How to do that, and indeed whether it is possible, is not a topic for
this group - you should ask on a group related to the platform, not the
C language.
clock() declared in <time.h>. It is standard C.
 
R

Richard Tobin

If you can't reliably tell the difference, why do you care?
[/QUOTE]
Because the OP may wish to understand why they are the same, or different,
what may be causing the observed differences, and to anticipate if the
single- .vs. multi-processing could be having any influence.

If you read the rest of the article, it's pretty clear that he just wants
to micro-optimise to make it as fast as possible. If the effect of the
micro-optimisations is swamped by the variability of his system, they
aren't worth doing.

-- Richard
 
R

Richard Tobin

Just to know (even if it appears no to be a good idea ! "That sort of
speculation (i.e., actually wanting to learn/know something for the
sake of learning/knowing) is explicitly frowned upon. ")

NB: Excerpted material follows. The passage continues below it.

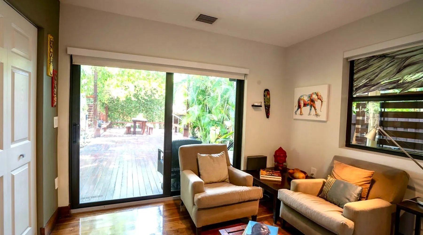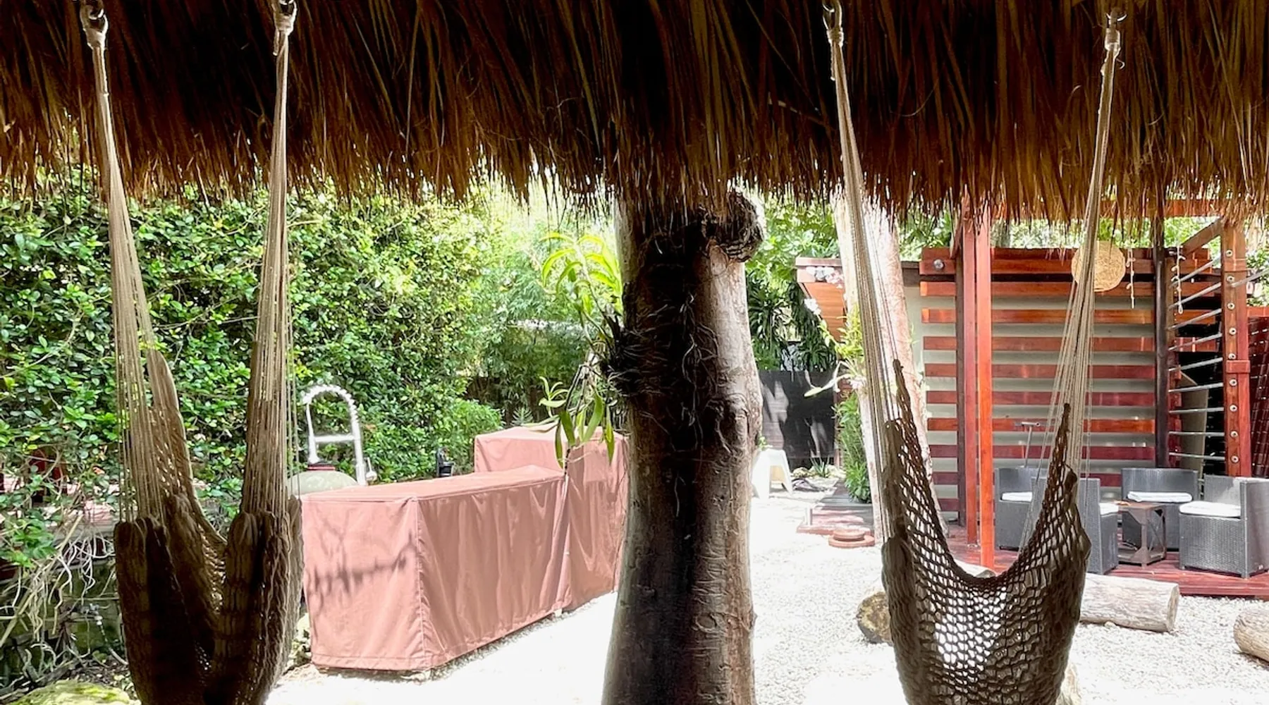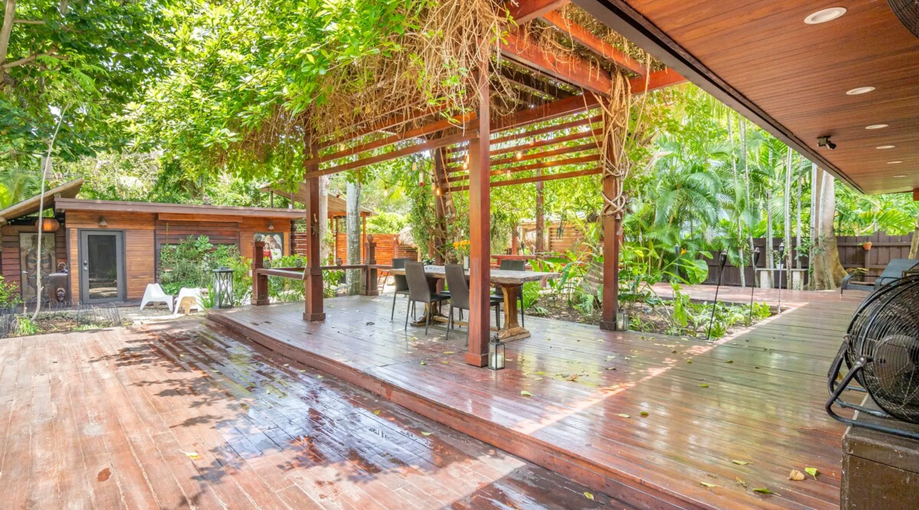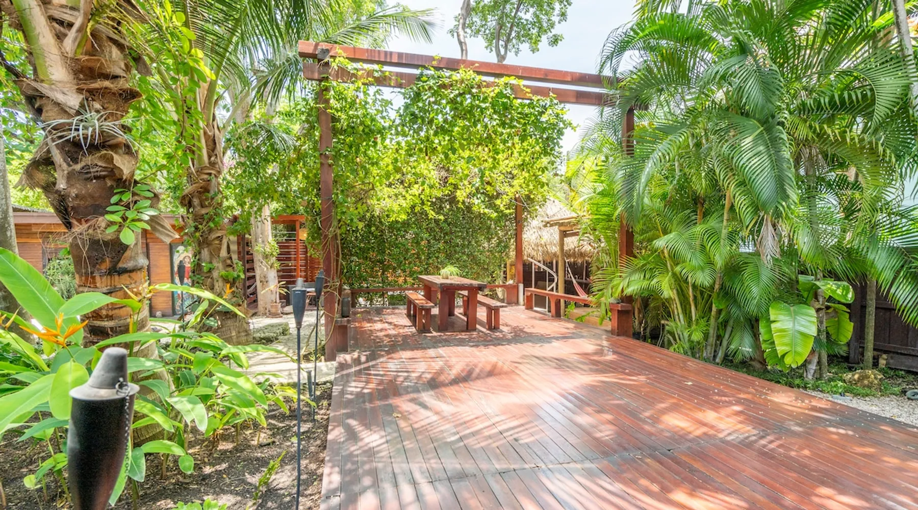 Experience natural luxury at this boutique cottage in the heart of Coconut Grove — a private tropical retreat surrounded by lush palms and vibrant gardens. Walk to the Marina, cafés, bayfront parks & CocoWalk. Perfect for couples or solo travelers, it offers a full kitchen, washer/dryer, free gated parking & a spacious deck with string lights. A top-rated, stand-alone escape near UM — your serene, central Miami hideaway for relaxation & connection. The space 🌿 Escape to Tranquility in Coconut Grove Wake up to the sound of peacocks in this tropical oasis just 15 mins from MIA. Enjoy a cozy queen bed, dimmable lights, blackout curtains, and self-check-in. Double doors open to a private deck with lush gardens, coconut trees, banana trees, and ginger palms. Lounge under a Tikki hut, relax in hammocks, or gather around the bonfire. Prepare Costa Rican coffee in a kitchen with Nespresso, French, or Cuban press. Includes beach towels and chairs for your beach escape. Crafted with love, this unique space blends Balinese and Costa Rican vibes. Guest access Guest Access Highlights: Optimize Your Stay with These Features ★ Shared Property Grounds: Enjoy the serene grounds with our Airbnb Tiny Home guest and your SuperHost, previously exclusive for weddings and events. ★ Prime Location: Close to the University of Miami, Miami Airport, and top attractions like upscale Coconut Grove and Coral Gables. ★ Nature Immersion: Experience nature’s beauty on our lush green grounds. ★ Cozy Accommodations: Fully furnished home designed for relaxation and unwinding. ★ Expert Hosting: Onsite Superhost with over 10 years of hosting excellence. ★ Abundant Amenities: Fully stocked kitchen and bathroom, onsite washer and dryer, beach towels, chairs, umbrella, and yoga mats. ★ Nap Pergola: Relax in a cozy hammock with a cooling fan. ★ Spacious Deck: Lounge and gather on imported natural wood floors. ★ Fire Pit: Enjoy a charming fire pit surrounded by local coral for a mini-auditorium feel. ★ Outdoor Cooking: Custom-made Argentinian grill with outdoor sink for effortless cooking. ★ Private Tiki Hut: Unwind in style with a bar and hanging hammocks. ★ Secure Parking: Gated parking just outside your front door. ★ Multiple Hangout Spaces: Numerous options for dining, lounging, and relaxation. ★ Outdoor Workout Area: Stay active and energized in the fresh air. Other things to note Miami’s Tropical Paradise: Where Coconuts, Bananas, and Wildlife Flourish ★ Wild Peacocks: Be mesmerized by majestic wild peacocks roaming the neighborhood and visiting the property for daily feedings. ★ Meet Magic: An orphaned peacock lovingly nurtured on-site since he was a week old. Known for his friendly nature, Magic has become a beloved companion to many guests. ★ Charming Tiny House: Greet other guests staying in the very tiny house with an outdoor shower, located on the back left side of the property.

Take no notice of that comment, it was posted by a troll.
I have always heard that that the improvement of rapidity between ++i
and i++ is very very negligible in relation to improvement of the
algorithm.

Typically, it's not negligible, it's non-existent. There's no reason
for compilers to distinguish them when they appear as a complete
statement, because they mean the same thing. If you want to verify it,
most compilers have a way to show you the assembler code they generate.
I work with Visual Studio 2005. I have tested between the two methods
(++i and i++) and it appears that there is a small difference of speed
(about 0.09 s for much more 1,844,349,560 of loops) for 120 in favor
of i++

I'm not sure what you mean by "for 120".

If you saved 0.09s for 1.8 billion loops, that's a 20-billionth of a
second per loop, which is much less than the cycle time of your
processor, so it's unlikely to be due to a difference in the
generated code.

-- Richard
 
J

joel.foutelet

If you can't reliably tell the difference, why do you care?

-- Richard

Just to know (even if it appears no to be a good idea ! "That sort of
speculation (i.e., actually wanting to learn/know something for the
sake of learning/knowing) is explicitly frowned upon. ")

I have always heard that that the improvement of rapidity between ++i
and i++ is very very negligible in relation to improvement of the
algorithm.
Here the algorithm is very short, the calculs are essentially
incrementations and the loop is very very long so I think that here
the difference may be seen.
I work with Visual Studio 2005. I have tested between the two methods
(++i and i++) and it appears that there is a small difference of speed
(about 0.09 s for much more 1,844,349,560 of loops) for 120 in favor
of i++, but as I said, on Vista it is not convincing and I wanted to
have a opinion of comptetent persons.

So I thank you all for your answers.

Joël

PS : The code of Duncan Muirhead is about 3% slower on my system.
 
B

Ben Bacarisse

Hello everybody

This code is intended to compute the number of partitions of a number.
see this link : http://en.wikipedia.org/wiki/Integer_partition


void partition(int n)
{
printf("Nombre de solutions %d\n", nb);
free(tab);
}

The loop while is executed à very big number of times (for n = 100
much more than 190,569,292 times which is the number of partitions of
100).

As always, the best speed-ups come from algorithms. If you rewrite
the function as a recursive function of two parameters (see the
original wikipedia article) and memoize this function[1], you can
calculate partition counts super fast. The expense is extra memory,
of course.
 
D

Duncan Muirhead

Just to know (even if it appears no to be a good idea ! "That sort of
speculation (i.e., actually wanting to learn/know something for the
sake of learning/knowing) is explicitly frowned upon. ")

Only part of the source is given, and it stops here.